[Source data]
────────────────────────────────────────
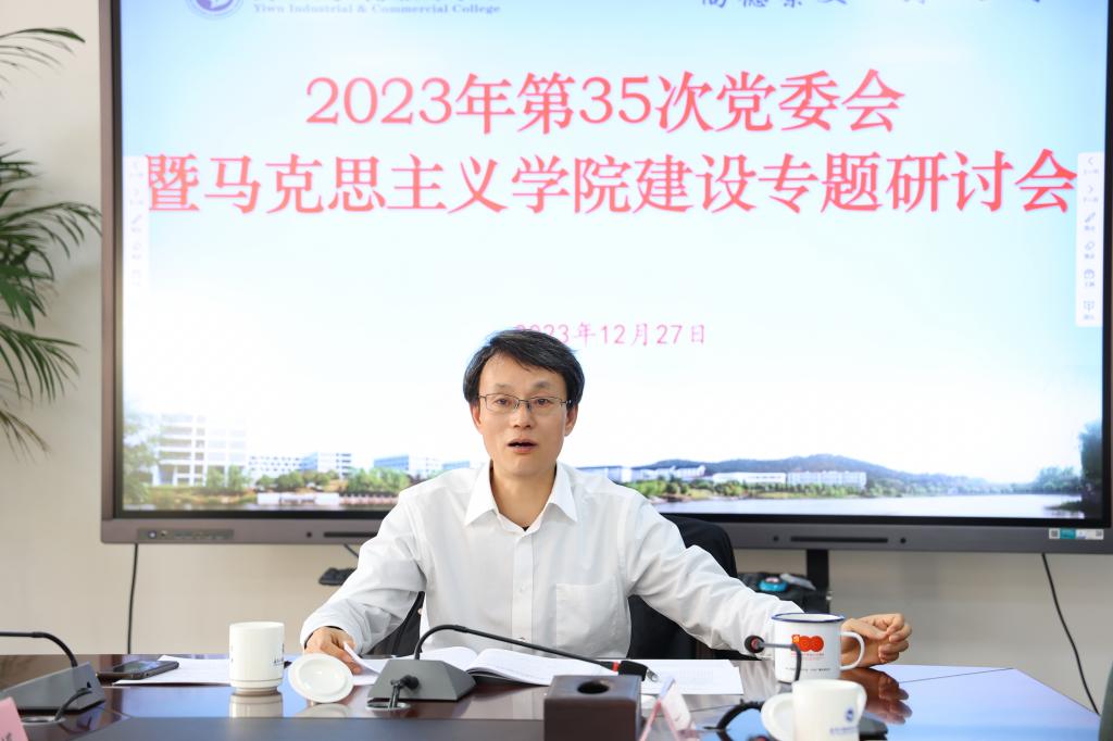 党委书记李昌祖作总结讲话。他指出,推进马克思主义学院建设是落实立德树人根本任务、突出办学质量、提升育人实效的重要举措。要锚定高质量马克思主义学院建设目标,争取建成在全省高职院校中具有一定影响力的高水平马克思主义学院。对于全面推进马克思主义学院建设,他强调,一是要提高思想认识,充分领会新时代加强马克思主义学院建设的战略意义。马克思主义学院负责人要将《标准》文件精神和学校党委会会议精神传达给学院的全体教师,力求所有思政教师心往一处想,劲往一处使,为马克思主义学院建设水平的提高贡献自己的力量;二是要把握《标准》要求,努力确保马克思主义学院建设任务落地落实。要立足学校马克思主义学院建设的历史方位和定位,全方位的谋划推动部署,按照“增优势、建特色、补短板、提质效”的思路,全面落实《标准》要求,高标准推进马克思主义学院建设;三是聚焦特色发展,扎实推动马克思主义学院内涵式高质量发展。要强化马克思主义学院二级党委的主体责任,在推进思政课改革创新、打造高素质思政教师队伍、充分发挥服务地方的优势、构建“大思政课”育人格局等方面持续发力。
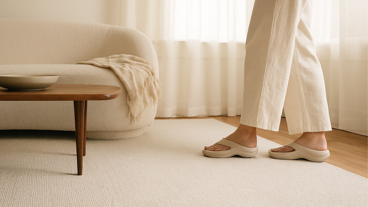 Our Flip Flops are designed for real foot pain—like plantar fasciitis, heel pain, or just long days on your feet. The thick, cushioned sole and deep heel cradle absorb shock and support your arches so you can move without wincing.
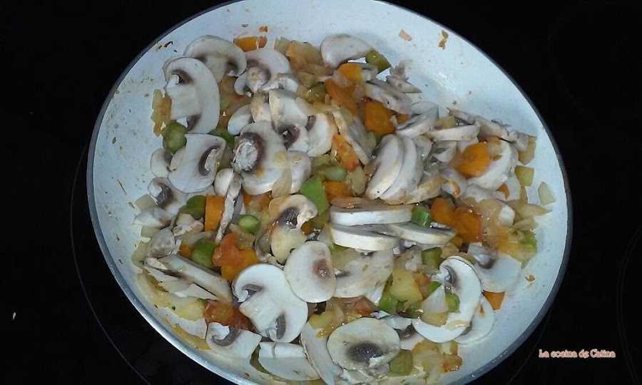 Cortamos las verduras en trozos pequeños y se sofríen en una sartén con tres cucharadas de aceite a fuego lento hasta que estén blanditas.
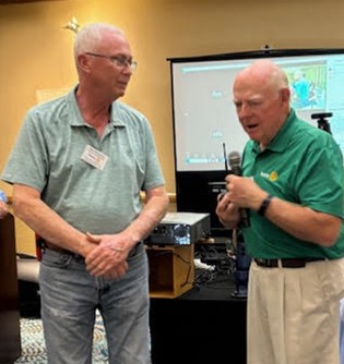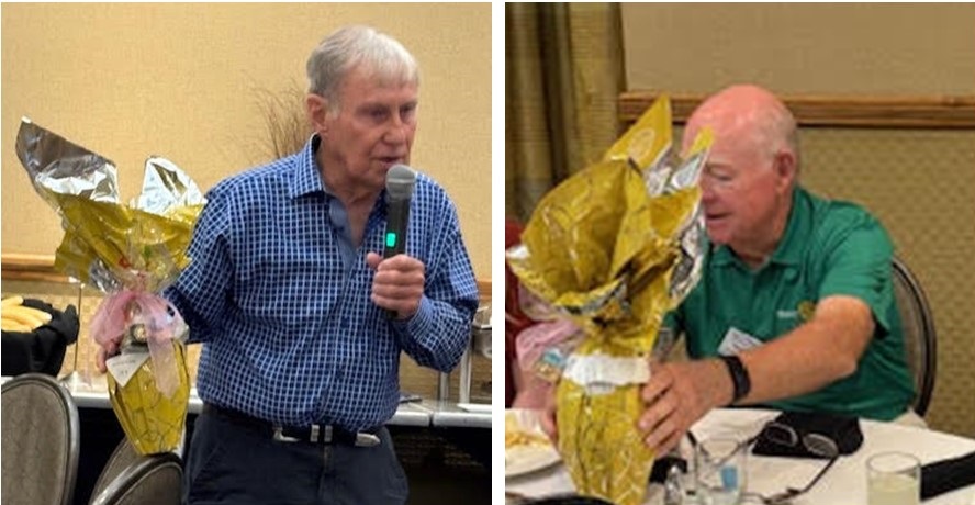 John was very pleased to be able to present Jim McGown with his Paul Harris Plus Two recognition pin. With the pledge made during Happy Bucks, Jim obviously is not finished supporting the work done through The Rotary Foundation.
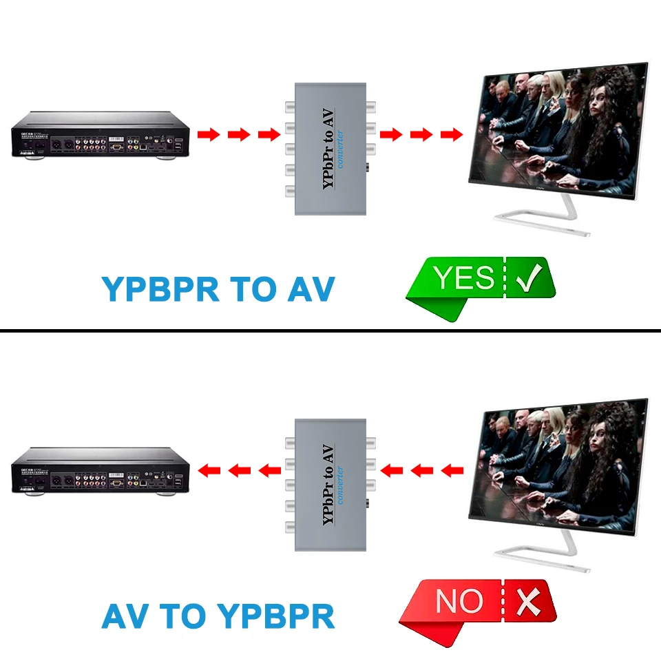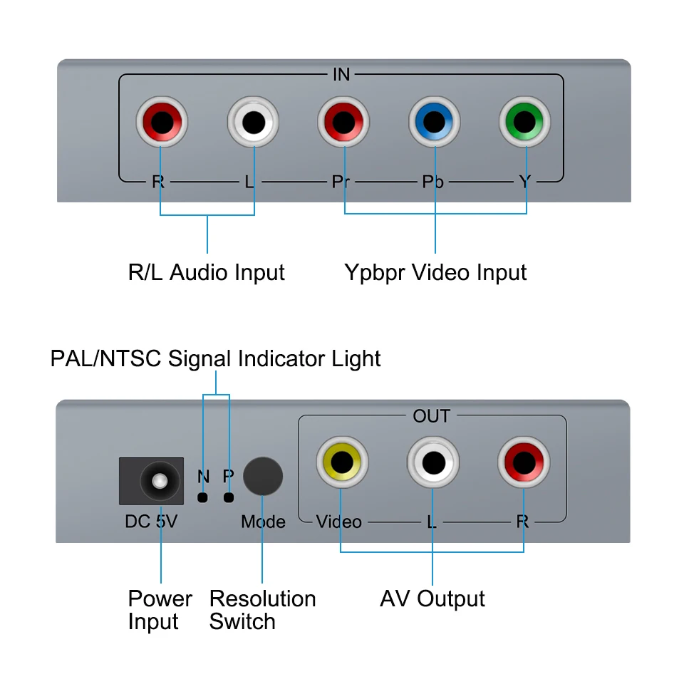 1. Asegúrese de que: la señal es desde el componente YPbPr a AV, y la señal de entrada es el puerto YPbPr (rojo, azul, verde), la señal de salida es el puerto RCA (blanco, rojo, amarillo).
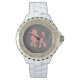 Pulsera Reloj femenino de caniche rosa Diamante de imitaci
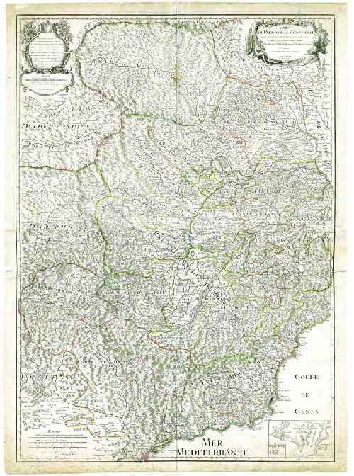 Carte du Piemont et du Monferrat Dressée sur plusieurs Cartes Manuscrites ou Imprimées Rectifiées par quelques Observations par Guillaume Del Isle de l'Academie Royale des Sciences. A Paris chez l'Auteur sur le Quai de l'Horloge avec Privilege Avril 1707
────────────────────────────────────────
* [How to complete this task]: Copy the data exactly. Any picture it contains is to be omitted.

* [Task response]:
 党委书记李昌祖作总结讲话。他指出,推进马克思主义学院建设是落实立德树人根本任务、突出办学质量、提升育人实效的重要举措。要锚定高质量马克思主义学院建设目标,争取建成在全省高职院校中具有一定影响力的高水平马克思主义学院。对于全面推进马克思主义学院建设,他强调,一是要提高思想认识,充分领会新时代加强马克思主义学院建设的战略意义。马克思主义学院负责人要将《标准》文件精神和学校党委会会议精神传达给学院的全体教师,力求所有思政教师心往一处想,劲往一处使,为马克思主义学院建设水平的提高贡献自己的力量;二是要把握《标准》要求,努力确保马克思主义学院建设任务落地落实。要立足学校马克思主义学院建设的历史方位和定位,全方位的谋划推动部署,按照“增优势、建特色、补短板、提质效”的思路,全面落实《标准》要求,高标准推进马克思主义学院建设;三是聚焦特色发展,扎实推动马克思主义学院内涵式高质量发展。要强化马克思主义学院二级党委的主体责任,在推进思政课改革创新、打造高素质思政教师队伍、充分发挥服务地方的优势、构建“大思政课”育人格局等方面持续发力。
 Our Flip Flops are designed for real foot pain—like plantar fasciitis, heel pain, or just long days on your feet. The thick, cushioned sole and deep heel cradle absorb shock and support your arches so you can move without wincing.
 Cortamos las verduras en trozos pequeños y se sofríen en una sartén con tres cucharadas de aceite a fuego lento hasta que estén blanditas.
 John was very pleased to be able to present Jim McGown with his Paul Harris Plus Two recognition pin. With the pledge made during Happy Bucks, Jim obviously is not finished supporting the work done through The Rotary Foundation.
 1. Asegúrese de que: la señal es desde el componente YPbPr a AV, y la señal de entrada es el puerto YPbPr (rojo, azul, verde), la señal de salida es el puerto RCA (blanco, rojo, amarillo).
 Pulsera Reloj femenino de caniche rosa Diamante de imitaci
 Carte du Piemont et du Monferrat Dressée sur plusieurs Cartes Manuscrites ou Imprimées Rectifiées par quelques Observations par Guillaume Del Isle de l'Academie Royale des Sciences. A Paris chez l'Auteur sur le Quai de l'Horloge avec Privilege Avril 1707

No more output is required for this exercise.